A reduction in executive function was associated with poorer adherence to physician contact behaviors in older adults with T2D and normal cognitive function; lack of adherence to physician contact behaviors could be an early indicator of declining cognitive function. Difficulties or changes in routine diabetes self-management behaviors should be closely monitored in older adults. Cognitive assessment should be followed when needed.

摘要

背景

2型糖尿病(T2D)与认知障碍密切相关。认知功能下降会影响2型糖尿病患者日常至关重要的自我管理行为。执行功能对日常自我管理很重要,主观认知功能下降可能是日常自我管理不佳的早期指标。
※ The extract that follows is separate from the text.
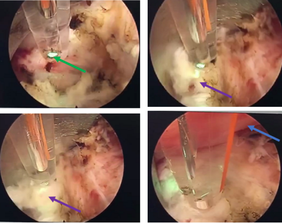 The surgical team discussed that conventional open lumbar fusion surgery is a major operation. If an open lumbar fusion approach is implemented, the process of forcibly removing the disc and separating the adherent tissues will greatly increase the risk of intraoperative nerve injury and postoperative infection may occur. After careful evaluation and communication with the patient and her family, the expert team decided to treat her with a full spinal endoscopy combined with dedicated laser surgery through the intervertebral plate.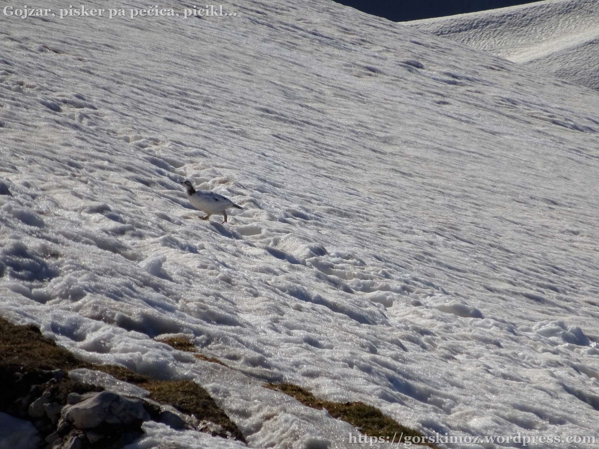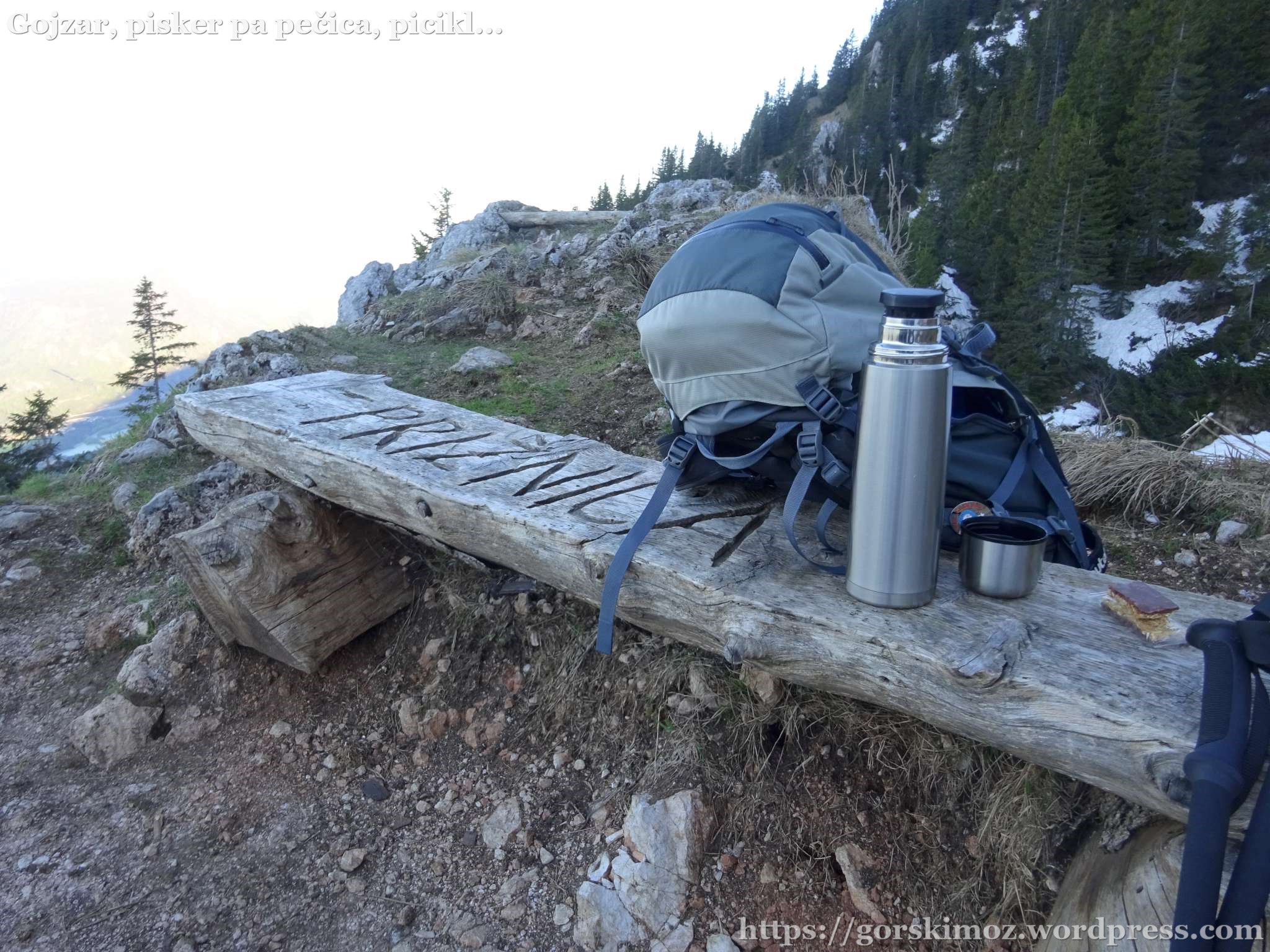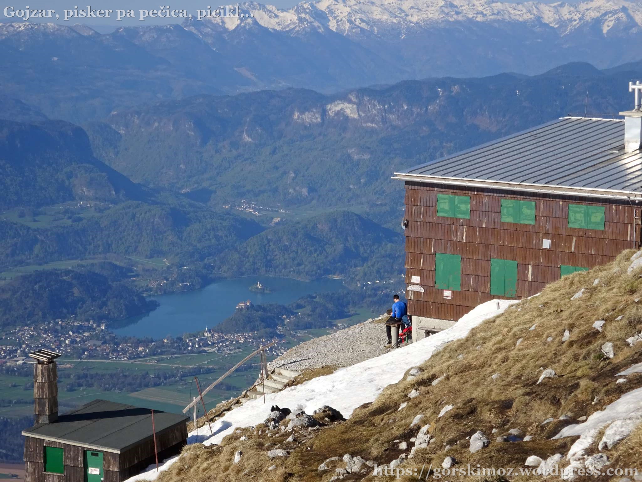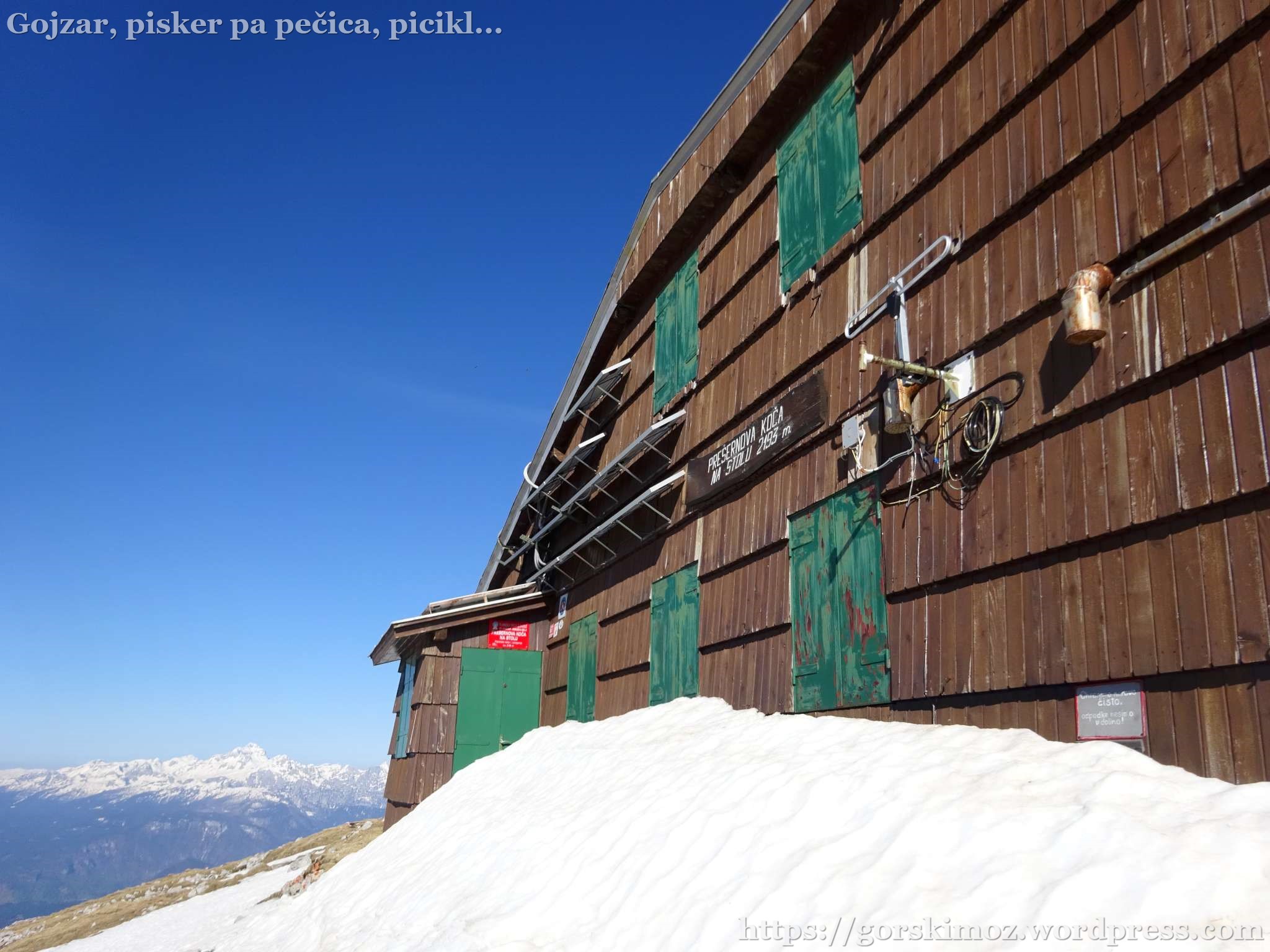 Klopi pred kočo se še pod snegom, vseeno pa se najde prostor za malico.

然而,对于执行或主观认知功能是否会影响老年人的日常自我管理行为,人们知之甚少。

目的

我们研究了执行功能或主观认知功能对老年2型糖尿病患者日常自我管理行为(饮食、血糖管理、体育活动和与医生联系)的影响。

方法

我们采用横断面观察性设计,对84名年龄≥60岁的2型糖尿病成年人进行便利抽样。通过电话进行的认知功能测试测量参与者的整体认知和执行功能水平。使用在线调查评估主观认知功能、糖尿病自我管理以及协变量,包括人口统计学信息(年龄、性别、种族/民族和教育程度)、体重指数、抑郁症状和糖尿病病程。使用双变量相关性和向后逐步回归分析数据。

结果

样本的平均年龄为68.46±5.41岁。参与者主要为女性和白人,大多数认知功能正常。在控制人口统计学、体重指数、抑郁症状和糖尿病病程后,相对于样本,在电话进行的数字-符号转换测验B部分中错误数量增加所表明的执行功能下降与医生联系行为的较差依从性相关。主观认知功能与任何自我管理行为均无关联。

讨论

执行功能下降与认知功能正常的老年2型糖尿病患者医生联系行为的较差依从性相关;不遵守医生联系行为可能是认知功能下降的早期指标。应密切监测老年人日常糖尿病自我管理行为中的困难或变化。必要时应进行认知评估。